In this Hebrews passage, the determining reason for strengthening ourselves is because we are exhausted and fatigued. The motivating reason: The inspiration of the Old Testament’s hall of fame (Heb 11) and Lord Jesus himself (Heb 12:1–2). And finally, the supporting reason? Others will be strengthened!

We seek to strengthen ourselves as means, not ends, in order to strengthen others in the race. We wish to sing “It is well” with our soul and for others’ souls too. We shall run well, personally and publicly, marathon-strong and marathon-straight. It is for this reason, I have chosen WELL as RREACH’s word for the year[10] in 2022.

WELL, It is!

 

[1] The full form is actually “Pastoral health affects church health; church health affects spiritual health.” My other core driver relates to evangelism: “The Gospel is not good news if it arrives late to anybody anywhere.”

[2] “This year’s Google Search trends reveal the various ways—big and small, tender, awkward, inspiring, and hopeful—that the world searched more than ever before for healing.” 2021: A Look Back on the Year, p. 2. (about.google/yearinsearch)

[3] You can search for my talk on this biblical text at voice.dts.edu. Dallas Seminary’s chapel site features similar messages of bearable length should you wish to test your spiritual maturity through endurance.

[4] Biblical Studies Press, The NET Bible First Edition Notes (Biblical Studies Press, 2006), Heb 12:12.

[5] R. T. France, “Hebrews,” in The Expositor’s Bible Commentary: Hebrews–Revelation (Revised Edition), ed. Tremper Longman III and David E. Garland, vol. 13 (Grand Rapids, MI: Zondervan, 2006), 172–173.
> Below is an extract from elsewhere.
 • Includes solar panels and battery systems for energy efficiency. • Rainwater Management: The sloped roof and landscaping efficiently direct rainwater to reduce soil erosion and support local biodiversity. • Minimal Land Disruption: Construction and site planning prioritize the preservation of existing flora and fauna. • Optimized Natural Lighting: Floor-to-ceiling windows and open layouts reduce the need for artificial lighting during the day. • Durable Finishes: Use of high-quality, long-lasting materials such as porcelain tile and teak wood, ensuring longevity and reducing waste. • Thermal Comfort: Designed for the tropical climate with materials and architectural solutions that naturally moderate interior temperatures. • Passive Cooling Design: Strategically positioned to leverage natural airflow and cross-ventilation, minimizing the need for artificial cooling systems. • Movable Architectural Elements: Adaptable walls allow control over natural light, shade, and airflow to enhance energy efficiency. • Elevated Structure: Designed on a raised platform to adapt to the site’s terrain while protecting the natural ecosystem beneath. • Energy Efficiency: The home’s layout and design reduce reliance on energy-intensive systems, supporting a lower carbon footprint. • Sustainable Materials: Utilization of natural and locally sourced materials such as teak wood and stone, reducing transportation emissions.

[6] France, “Hebrews,” citing Paul Ellingworth, The Epistle to the Hebrews, The New International Greek New Testament Commentary, Grand Rapids: Eerdmans, 1993, p. 657.
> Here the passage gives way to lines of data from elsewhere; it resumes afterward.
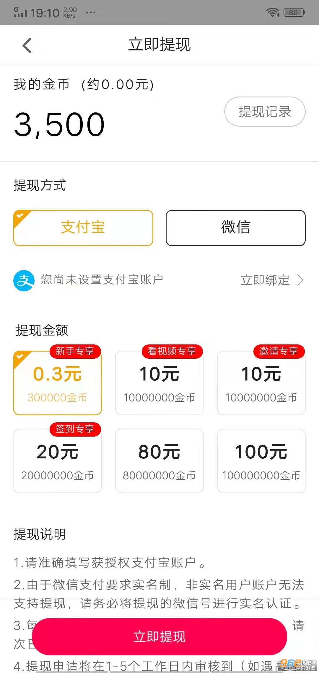 抖闻首次收入满0.3元可申请提现至钱包,后续满10元可申请,24小时内迅速到账!
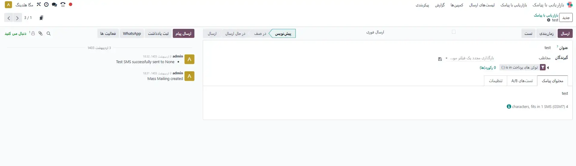 فقط کمپینهای خودت رو تنظیم کن و زمان ارسال اونها را مشخص کن. اودوو بهطور خودکار پیامکها را ارسال میکنه و نیازی نیست که آنلاین باشی...
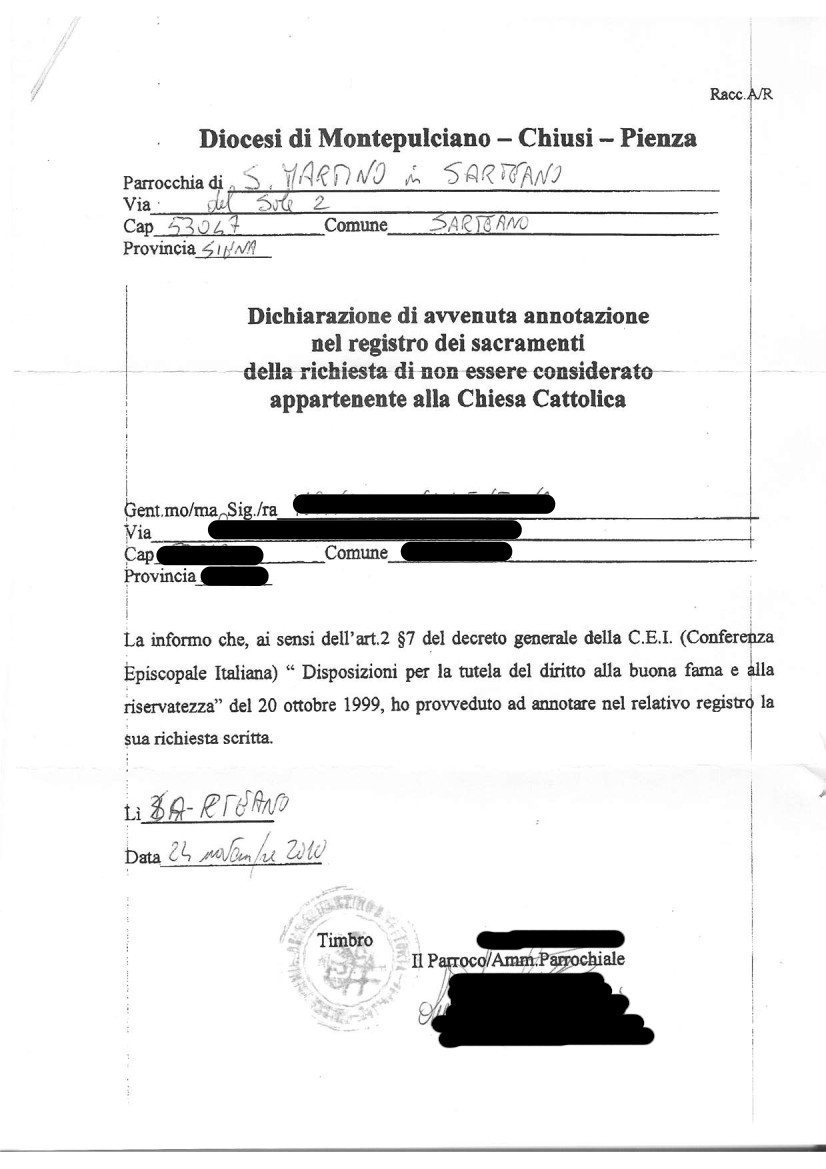 Una persona ha chiesto la rettifica dei dati relativi al proprio battesimo avvenuto a S. Martino - SARTEANO (SI) il 24/11/2010, dichiarando di non voler più far parte della Chiesa Cattolica.
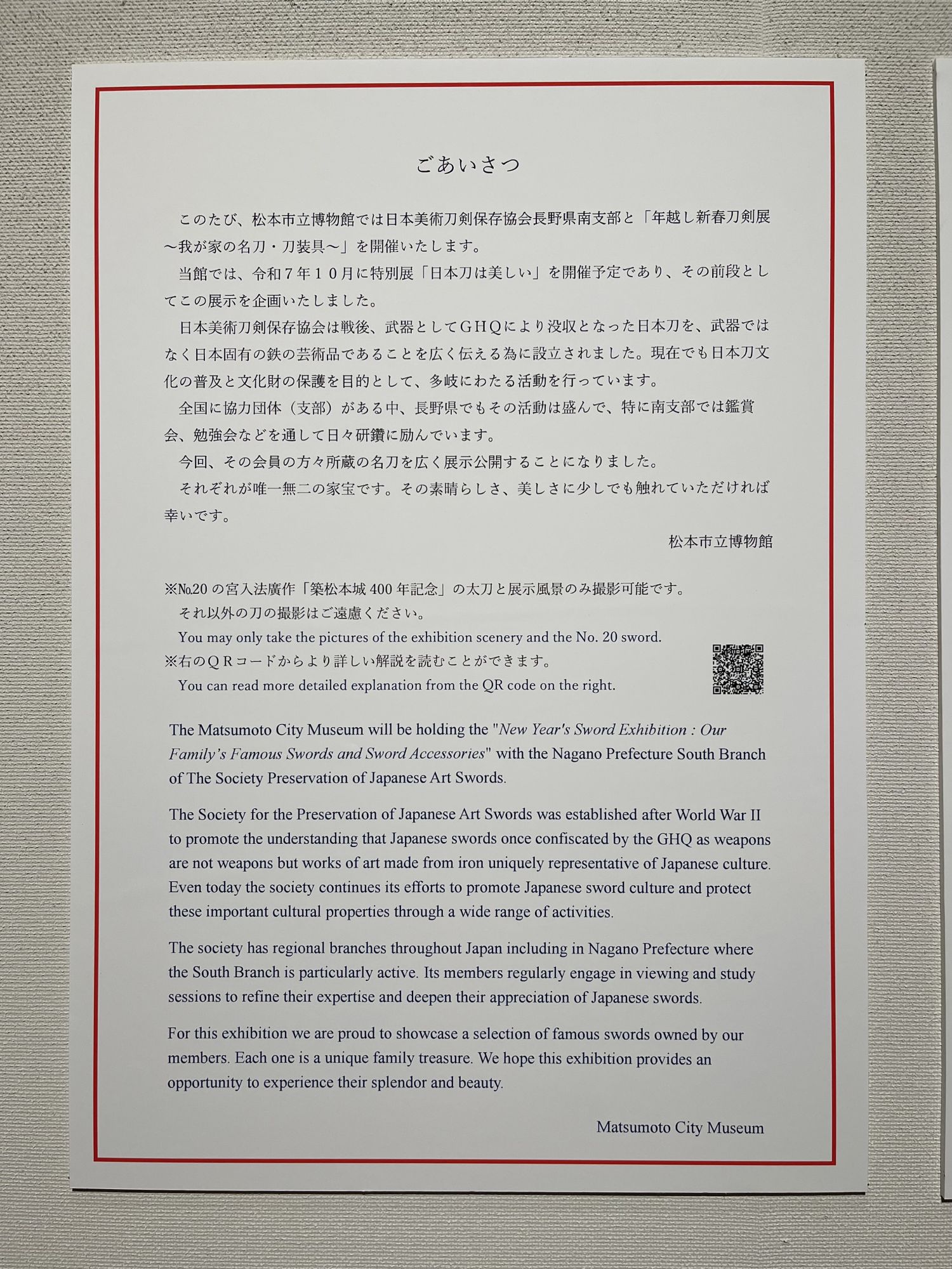 Du 12 décembre 2024 au 20 janvier 2025, vous pourrez même profiter d’une exposition de katana de la région. Cette exposition est gratuite et propose des explications en anglais.

[7] “Readers are to maintain their faith not only for their own sakes but for the sake of those who at their side are in special danger of collapsing.” Moffatt, A Critical and Exegetical Commentary on the Epistle to the Hebrews, International Critical Commentary (Edinburgh: T&T Clark International, 1924), 206.

[8] Excerpted from https://www.boystown.org/blog/Pages/story-behind-aint-heavy.aspx.

[9] “Three kinds of behaviour, a scheme of their neurobiological correlates, (author’s trans).” Arch Psychiatr Nervenkr (1970) May 28, 1975, 220 (2):117-29) doi: 10.1007/BF00341645 https://pubmed.ncbi.nlm.nih.gov/1180684/#:~:text=Three%20fundamental%20types%20of%20behaviour,the%20third%20a%20supporting%20reason. (accessed February 6, 2022).

[10] The “word for the year” has been RREACH’s practice for a number of years to provide focus, inspiration, and even guidance. You should try it too! Much better than New Year resolutions that break before the first week is over.